There is no ‘asylum chaos’ in Switzerland, finds Defence Minister and Swiss People’s Party member Ueli Maurer, voicing an opinion that contradicts many of his colleagues in the conservative right political party.
“Right now we have the situation under control. But we are in an extraordinary situation,” Maurer said in an interview with the Lausanne-based newspaper Le Temps on Saturday. As he told Le Temps, he did not know how things would develop when the “wave of migrants” which had landed in Eastern Europe would arrive in Switzerland in the next few weeks.
Maurer described Europe as “completely flooded” and said that the Schengen Association Agreement was no longer working, especially in view of the recent crisis.
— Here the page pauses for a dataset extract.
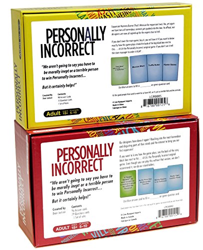 -. Binding : Misc. -. Brand : Deluxe Games and Puzzles -. EAN : 0703546238455 -. Feature : Expansions Cards for Personally Incorrect Game. Includes Red Box #1 and Yellow Box #2. Bundled Items. / Best when used with Personally Incorrect Game. (however can be used stand alone.) / For ages 21 and older. Very much an adult themed game !!!!! Most appropriately inappropriate answer wins the round. / Expansions #1 includes: 96 Answer Cards, 29 Question Cards, Game Rules. Expansion #2 90 Answer Cards, 35 Question Cards, Game Rules. / Bonus Black Mesh / Red Nylon combo design Drawstring Game (or utility) Carry Bag -. IsAdultProduct : 0 -. Label : Deluxe Games and Puzzles -. Manufacturer : Deluxe Games and Puzzles -. MPN : LRG02EXP_BUN2 -. PartNumber : LRG02EXP_BUN2 -. ProductGroup : Sports -. ProductTypeName : SPORTING_GOODS -. Publisher : Deluxe Games and Puzzles -. Studio : Deluxe Games and Puzzles -. Title : Personally Incorrect Expansion #1 (Red) and Expansion #2 (Yellow) _ Bonus Black Mesh/Red Nylon Drawstring Bag _ Bundled Items -. UPC : 703546238455

All European Union (EU) countries as well as Switzerland are party to the Schengen/Dublin travel agreements.
“It’s a real test – one that Europe has never dreamt of, and for which it is not prepared,” said Maurer, insisting that it was necessary to intervene directly in the conflict zones, in particular in countries bordering Syria and Iraq.
“Europe cannot absorb hundreds of thousands of refugees,” he said. In the first seven months of this year, around 340,000 refugees have crossed the EU’s borders.
In an interview with Swiss public television, SRF, on Friday evening, Swiss President and Justice Minister Simonetta Sommaruga said that the issue would pose a challange for all European nations. She called for a reinforcement of the Dublin system in response to the “extraordinary situation”.
In an interview in Saturday’s Neue Zürcher Zeitung (NZZ) newspaper, Maurer announced that he wanted to extend his term in office – despite the fact that he will reach retirement age, 65, on December 1.
“I have shifted my retirement and will compete in the federal elections once again,” Maurer told the Zurich-based newspaper. While he and his cabinet ministers need to be open to swapping posts, he said he would be happiest to stay at the helm of the defence, civil protection and sport ministry.
Maurer has identified four defence priorities: new equipment for soldiers, telecommunications and cyber defence, air defence, and new combat aircraft. For the latter, his goal is to have funding approved and in place by 2022.
As Sports Minister, Maurer said he would like Switzerland to host the 2026 Olympic Winter Games.
“Switzerland needs innovation and a new sense of community,” he said. After Graubünden’s bid for 2020 failed, Maurer told the NZZ that he felt motivated to try again. “With our concept of sustainability, we could initiate a counter-trend to the gigantism of the Games like in Sochi.”